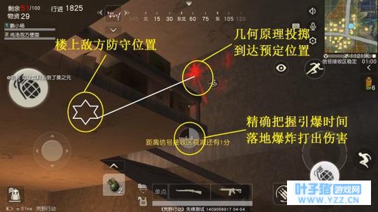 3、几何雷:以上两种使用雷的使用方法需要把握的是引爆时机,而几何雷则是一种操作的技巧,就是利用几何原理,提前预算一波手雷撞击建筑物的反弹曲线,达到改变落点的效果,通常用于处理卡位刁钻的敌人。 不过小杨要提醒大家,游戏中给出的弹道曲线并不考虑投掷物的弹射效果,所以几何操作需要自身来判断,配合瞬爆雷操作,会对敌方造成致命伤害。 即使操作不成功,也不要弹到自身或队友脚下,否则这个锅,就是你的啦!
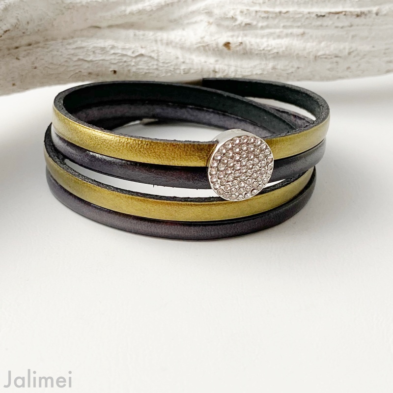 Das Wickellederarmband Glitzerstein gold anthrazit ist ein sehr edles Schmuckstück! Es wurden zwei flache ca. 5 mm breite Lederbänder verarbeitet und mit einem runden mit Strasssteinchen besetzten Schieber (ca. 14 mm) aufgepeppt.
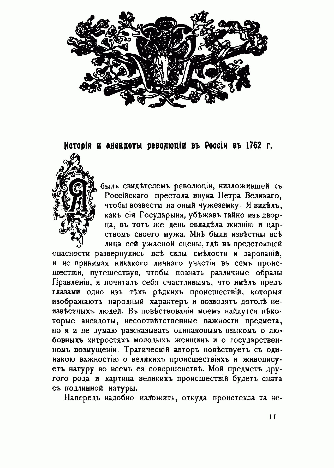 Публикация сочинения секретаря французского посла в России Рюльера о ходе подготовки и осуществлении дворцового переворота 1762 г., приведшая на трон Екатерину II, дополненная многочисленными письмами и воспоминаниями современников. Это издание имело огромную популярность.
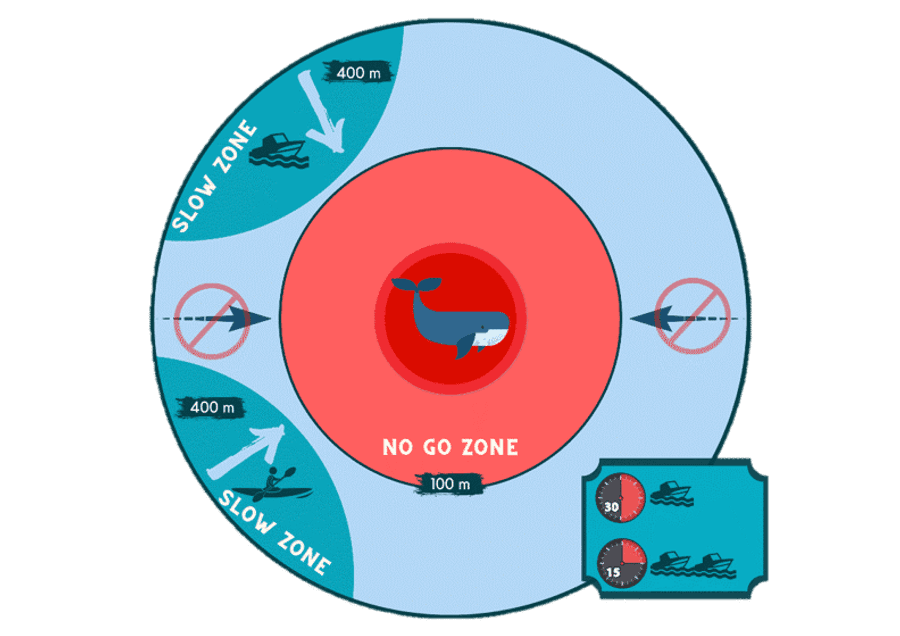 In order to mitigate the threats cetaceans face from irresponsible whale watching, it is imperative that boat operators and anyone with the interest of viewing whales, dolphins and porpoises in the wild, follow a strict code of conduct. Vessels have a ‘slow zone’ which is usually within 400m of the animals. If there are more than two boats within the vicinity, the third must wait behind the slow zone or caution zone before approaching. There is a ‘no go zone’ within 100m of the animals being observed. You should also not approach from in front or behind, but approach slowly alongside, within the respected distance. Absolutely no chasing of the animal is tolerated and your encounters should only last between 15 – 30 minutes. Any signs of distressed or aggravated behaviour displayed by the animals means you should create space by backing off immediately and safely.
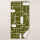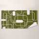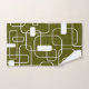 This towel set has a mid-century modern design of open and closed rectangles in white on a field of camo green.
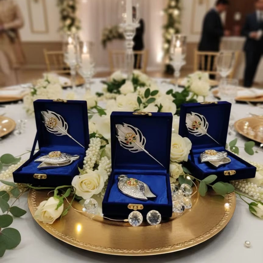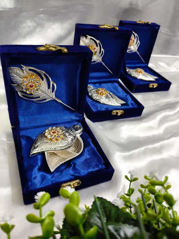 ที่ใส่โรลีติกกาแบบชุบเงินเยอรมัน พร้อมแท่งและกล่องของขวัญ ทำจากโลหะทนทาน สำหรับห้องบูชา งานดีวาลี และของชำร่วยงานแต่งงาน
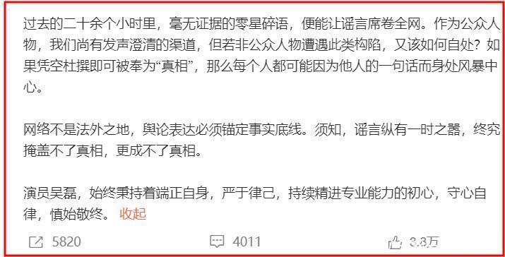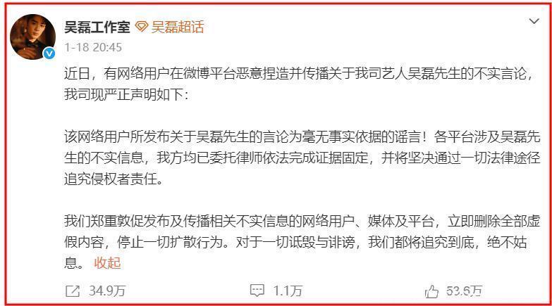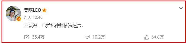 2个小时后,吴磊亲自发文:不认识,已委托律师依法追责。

### Task to complete:
Skip all pictures. Write out only the lines from the one containing "สำหรับห้องบูชา งานดีวาลี และของชำร่วยงานแต่งงาน" to the end of the listing above, inclusive, exactly as given.

### Answer section:
 ที่ใส่โรลีติกกาแบบชุบเงินเยอรมัน พร้อมแท่งและกล่องของขวัญ ทำจากโลหะทนทาน สำหรับห้องบูชา งานดีวาลี และของชำร่วยงานแต่งงาน
 2个小时后,吴磊亲自发文:不认识,已委托律师依法追责。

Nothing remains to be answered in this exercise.